The goal of Project 1 is to understand the changes in gene expression, regulation and splicing conferred by the H2 inversion in i) human brain tissue, in individuals of European and African ancestries, ii) individual cell types by assessing cell-autonomous effects in iPSC-derived neurons, astrocytes and microglia, and iii) iPSC-derived assembloids to investigate the interaction between haplotype and cell-cell interactions.

Project 2

PI: Allison Goate, Daniel Geschwind, Martin Kampmann
Project2 Legend: Overview of Project 2. We hypothesize that the H1/H2 haplotypes modulates expression of the pathogenic phenotypes associated with specific MAPT variants. We will assess the effect of H2 haplotype on gene expression, chromatin structure and splicing in a cell type-specific manner in i) human brain tissue from carriers with pathogenic P301L and V337M MAPT mutations and ii) iPSC-derived assembloids carrying the same mutations on either an H1/H1 or H2/H2 background. We will test our hypothesis that H2-specific pathways and regulatory mechanisms may modify or confer protection against the pathogenic impact of these mutations by integrating single-nuclear in both brain tissue and (assembloids) via multi-omics sequencing approaches to pair the gene expression and chromatin profiles in the same individual cells, with bulk ISO-seq (splicing) and proteomics data, as well as functional validation of disease-related Tau phenotypes. We will then validate the functional consequences of key haplotype-associated regulatory regions containing candidate common causal variants on disease-related Tau phenotypes and gene expression in both H1 and H2 haplotypes.
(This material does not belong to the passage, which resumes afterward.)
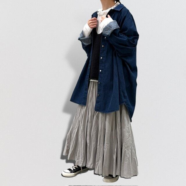 ワイドな身幅で、シャツコートとしても使えます。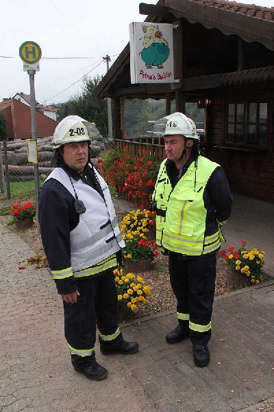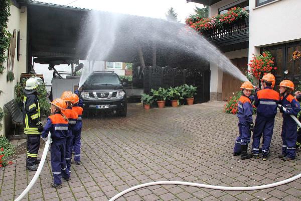 Das Antreten der Jugendfeuerwehr zum Abschluss der Übung ist in diesem Jahr jedoch buchstäblich ins Wasser gefallen, kurz nach dem Abbau der Geräte und Schläuche ergoss sich ein heftiger Regenguss über die Ortsmitte von Bubach.

The goal of Project 2 is to determine the mechanisms by which the MAPT inversion region haplotypes modify the impact of both common and rare MAPT FTD-associated variants on gene expression and Tau-related phenotypes. We will assess the effect of H2 haplotype on gene expression, chromatin structure and splicing in a cell type-specific manner in i) human brain tissue from carriers of pathogenic P301L and V337M MAPT mutations and ii) iPSC-derived assembloids carrying the same mutations on either an H1/H1 or H2/H2 background.